[AVAILABLE DATA Boundary: Start]

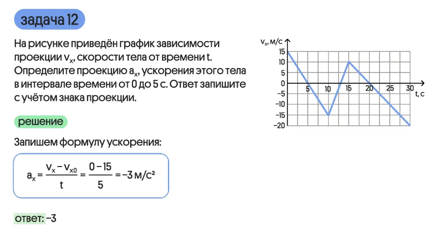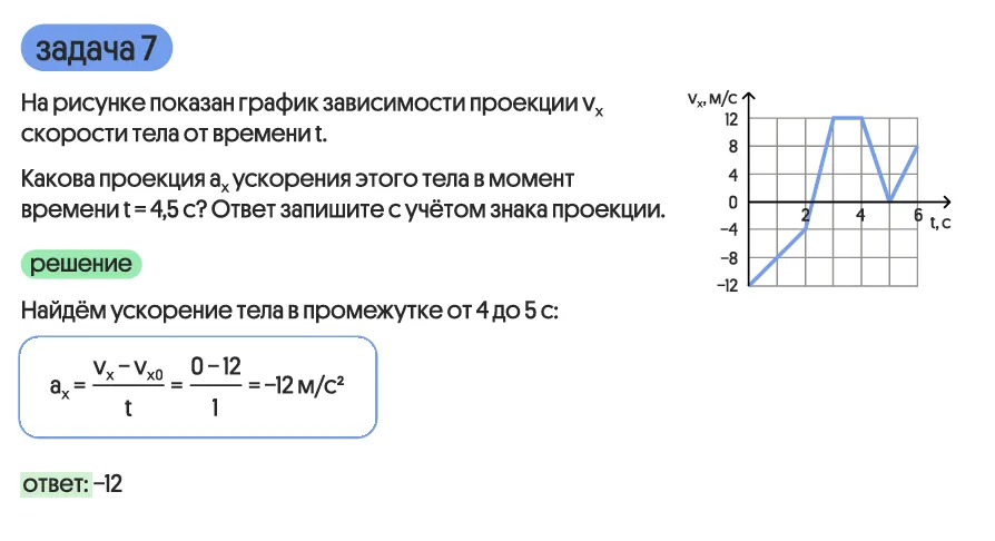 Определите проекцию axa_x ускорения этого тела в интервале времени от 0 до 5 с. Ответ запишите с учётом знака проекции.
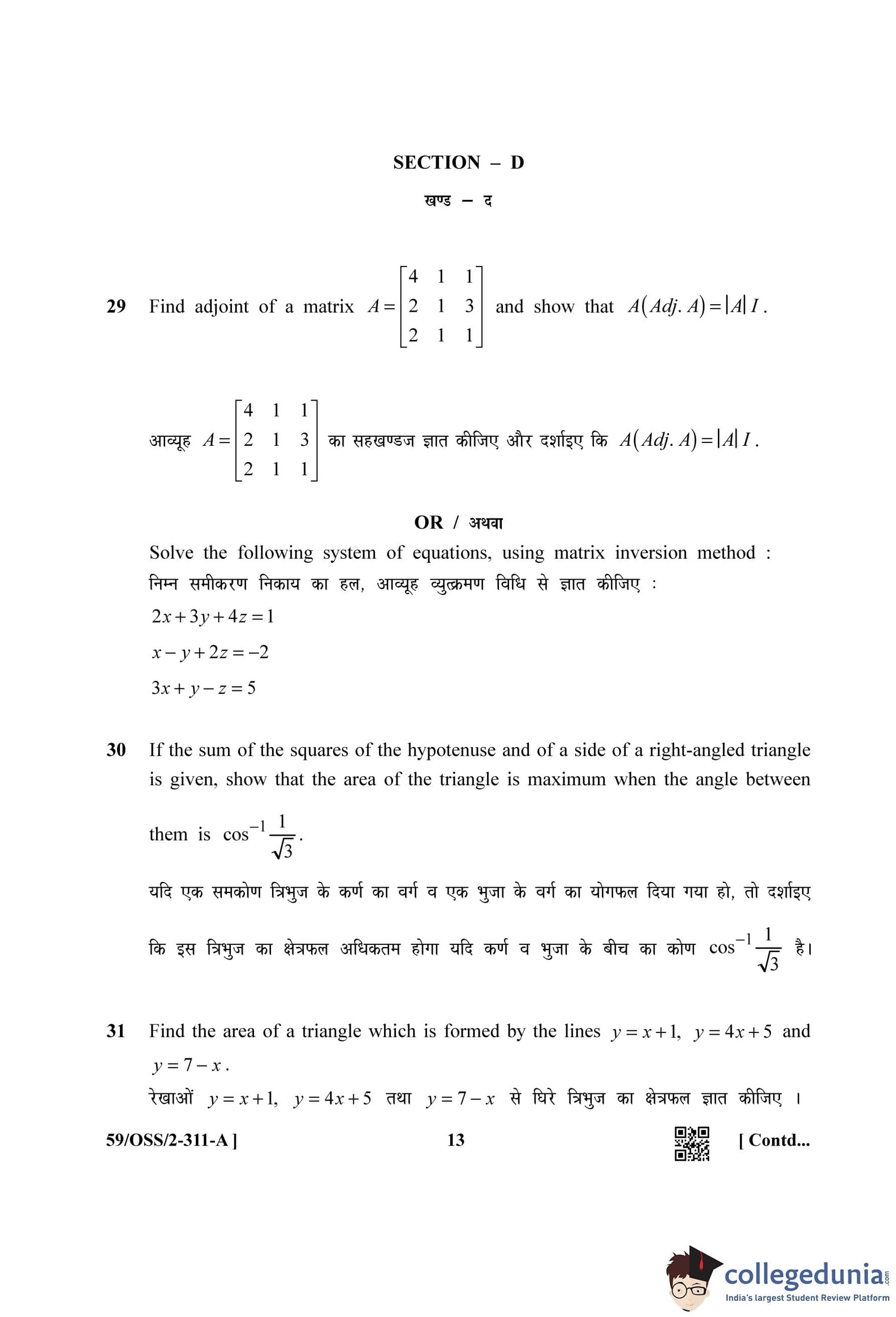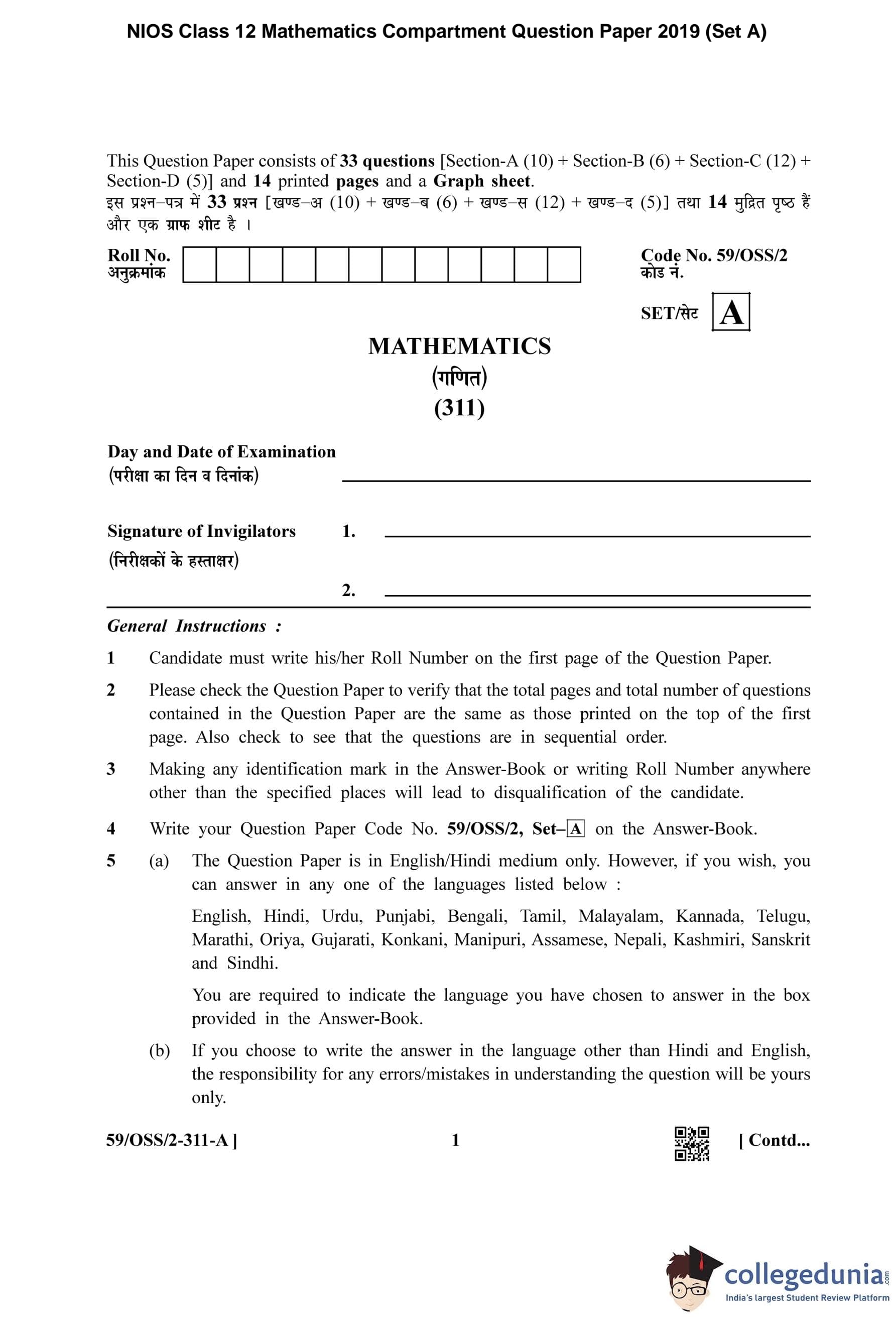 NIOS Class 12 Mathematics Compartment Question Paper 2019 with Answer Key pdf (Set A) is available for download here. The exam was conducted by National Institute of Open Schooling on October 23, 2019 in the Afternoon Session 2:30 PM to 5:30 PM. The question paper comprised a total of 33 questions divided among 4 sections.
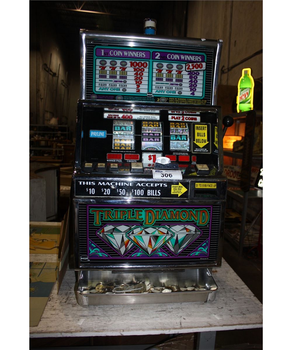 TRIPLE DIAMOND CASINO SLOT MACHINE - COMES WITH A LARGE ASSORTMENT OF TOKENS
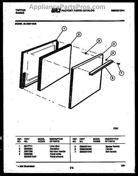 Parts for Frigidaire 32-0007-00-05: 04 - Door Parts
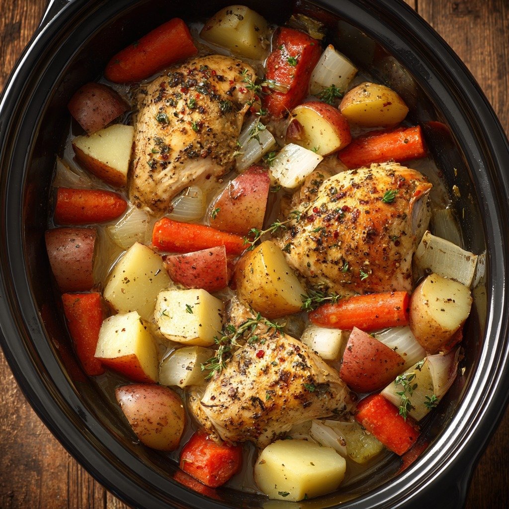 - Pile on the veggies – Scatter your potatoes, carrots, and onions over the chicken. Pro tip: put the potatoes on the bottom of the veggie pile since they take longest to cook. The onions? Just throw ’em everywhere – they’ll practically melt into the broth.
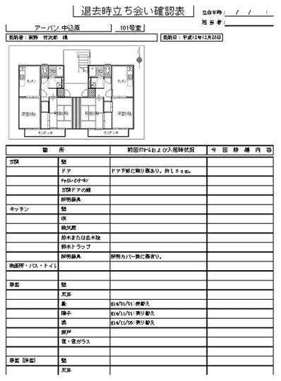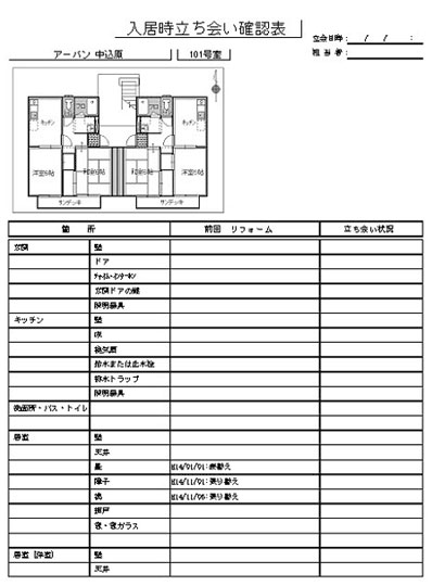 入居や退去時の確認表作成・部屋や共用部分のリフォームなどの修繕記録の情報管理が行えます。

[AVAILABLE DATA Boundary: End]

● WORK TASK
Copy exactly the lines from the one containing "TRIPLE DIAMOND CASINO" to the end of the records, both included, and leave the pictures out.

● REPLY
 TRIPLE DIAMOND CASINO SLOT MACHINE - COMES WITH A LARGE ASSORTMENT OF TOKENS
 Parts for Frigidaire 32-0007-00-05: 04 - Door Parts
 - Pile on the veggies – Scatter your potatoes, carrots, and onions over the chicken. Pro tip: put the potatoes on the bottom of the veggie pile since they take longest to cook. The onions? Just throw ’em everywhere – they’ll practically melt into the broth.
 入居や退去時の確認表作成・部屋や共用部分のリフォームなどの修繕記録の情報管理が行えます。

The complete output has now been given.